Skin examinations were performed by a dermatologist from the Faculty of Medicine of the Federal University of Minas Gerais. Dermatologic diagnoses were defined by clinical and histologic criteria for each disease; staining with potassium hydroxide was used in cases of cutaneous mycosis. Biopsies of normal skin midway along the left interscapulo-vertebral area were also performed. The specimens obtained were examined by light microscopy using routine stains, and the presence of HTLV-1 was investigated by a nested polymerase chain reaction (PCR). One dermatopathologist was responsible for the histologic analysis. Examiners did not know the serologic status of the individuals/specimens during clinical and histologic evaluations.

Seropositivity for HTLV-1.

Seropositivity for infection with HTLV-1 was defined as repeated reactivity in blood samples tested by an enzyme-linked immunosorbent assay (Abbott Laboratories, Abbott Park, IL). This was confirmed by Western blotting (HTLV-1/2; Cambridge Biotech, Cambridge, MA) and an HTLV-1 nested PCR with peripheral blood mononuclear cells.

Nested polymerase chain reaction (PCR).

The same PCR procedure was used for testing of blood and skin samples. DNA was isolated from peripheral blood mononuclear cells using the DNAzol kit (Gibco-BRL, Gaithersburg, MD) according to manufacturer’s instructions. DNA was isolated from skin samples by the mammalian DNA isolation procedure.6

Three-millimeter punch biopsy specimens were obtained, placed in 500 μL of 20 mM Tris-HCl, 1 mM EDTA, pH 8.0, and frozen. The DNA was isolated from skin samples6 and 2 μL was subjected to PCR amplification using a series of temperature-dependent cycles in an automated thermal cycler (PTC-100; MJ Research, Waltham, MA).7 Amplification was performed with a pair of synthesized primers: SK110-pol (4757-4778, 5′-CCCTACAATCCAACCAGCTCAG-3′) and SK44-tax (7536-7496, 5′-GAGCCGATAACGCGTC CATCG-3′). Thirty-five cycles of amplification were performed with denaturation (94°C for one minute), annealing (58°C for one minute), and extension (72°C for two minutes). Two microliters of the first PCR product was amplified for 30 cycles using the same conditions with two other primers: 248 envelope (env) (5669-5693, 5′–CTAGTCGACGCTC CAGGATATGACC-3′) and 249–env (6137-6113, 5′-CAG ACCGCCACCGGTACCGCTCGGC-3′). The final product, a 469-basepair HTLV-1 env gene sequence, was analyzed by electrophoresis on a 1.8% agarose gel and photographed. All samples were subjected to PCR amplification of the HLA-DQα gene as a quality control.8 One HTLV-1-negative skin sample from a blood donor was subjected to the HTLV-1 PCR as a negative control of the procedure.

Statistical analysis.

All data were recorded in a database especially designed for this study. Statistical analysis included the chi-square test, Fisher’s exact test, and McNemar’s test for matched analysis. The adjustment for the effects of age, race, and sex as possible confounding factors was done using unconditional logistic regression. Odds ratios (ORs) and 95% confidence intervals (CIs) were calculated to determine and quantify associations. Statistical significance was based on an α level of 0.05. Calculations were made using the Epi-Info 2000 statistical program (Centers for Disease Control and Prevention, Atlanta, GA).

RESULTS

For the two-year period in which this study was conducted, the overall seroprevalence of HTLV-1 among eligible blood donors in Minas Gerais, Brazil was 0.3%. The age range of the study population was 19–59 years (mean = 34.2) and 139 (58.8%) of the participants were men. The mean ± SD age was 38 ± 15 years in the seropositive group and 31 ± 12 years in the seronegative group. Analysis of the age intervals showed a significant trend of increasing HTLV-1 prevalence with age (Table 1). Skin color and sex of the study group are listed in Table 1.

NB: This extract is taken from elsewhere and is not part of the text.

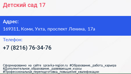 Детский сад №17 по адресу 169311, Коми, Ухта, проспект Ленина, 17а в дальнейшем Организация, размещена в следующих категориях:

Dermatologic alterations were more frequently observed in the seropositive group (adjusted OR = 8.77, 95% CI = 4.11–18.71). The most common skin diseases were dermatophytoses (adjusted OR = 3.32, 95% CI = 1.50–7.35), seborrheic dermatitis (OR = 3.53, 95% CI = 0.67–24.66), and acquired ichthyosis (P = 0.001). Dermatologic lesions and data for other diseases are shown in Table 2.

Skin biopsy specimens were obtained from 73 HTLV-1-infected individuals. Based on clinical examinations, HTLV-1-infected persons who provided skin biopsy specimens were divided into two groups. Group I consisted of 20 persons with abnormal skin and skin diseases that were consistent with known HTLV-1-associated- or HIV-associated-skin disease, or diseases of unknown etiology. Group II consisted of 55 HTLV-1-infected persons with normal skin.

Twenty patients in group I had dermatologic lesions. The PCR analysis of the skin of one patient with acquired ichthyosis was not performed because of an insufficient sample. Thus, 19 skin specimens were examined and the results of the nested PCR were negative in three of them. The normal matched skin specimens from these three patients were also negative for virus (Table 3). In the matched analysis, HTLV-1 was detected more frequently in abnormal skin than in the normal skin of the same subject (P = 0.004).

Virus was detected by the PCR in the normal skin of the interscapulo-vertebral area of seven of 20 individuals (35%) who were seropositive for HTLV-1 and had skin lesions in other areas (group I). The results of the HTLV-1 PCR were positive in the normal skin of the interscapulo-vertebral area of 23 of 53 individuals (43%) who were seropositive for HTLV-1, but did not have skin lesions in other areas (group II). No difference related to the presence of HTLV-1 was found between both groups (P = 0.644). The associations found in the present study were not influenced by age, race, and sex when adjustments were made for these variables as possible confounding factors.

DISCUSSION

Consistent with the epidemiology of HTLV-1 in other endemic areas, the prevalence of HTLV-1 increased with age and was higher among female blood donors.9,10 The association of HTLV-1 and acquired icthyosis demonstrated in this study has been reported in patients with HAM/TSP, and it has been related, in some cases, to hypohidrosis caused by involvement of the autonomic nervous system by inflammatory cells.3 The ichthyosiform dermatoses are characterized by an excess accumulation of cutaneous scale, whose severity varies from mild to life threatening. In the cases presented herein, the skin disease was asymptomatic and more pronounced in the lower legs, as is expected in mild cases of acquired ichthyosis. Dermatophytosis, which was shown in this study to be more prevalent in the HTLV-1-positive population, is caused by fungi that thrive only in nonviable keratinized tissue of the skin (stratum corneum, nails, hair). It was reported in pre-adult ATL,10 and it has been considered an indication of immunosuppression.11 Other dermatologic lesions have been related to HTLV-1.12,13 Therefore, the HTLV-I asymptomatic carriers deserve systematic dermatologic investigation of possible cutaneous manifestations that may disclose evolution to HTLV-1-related diseases.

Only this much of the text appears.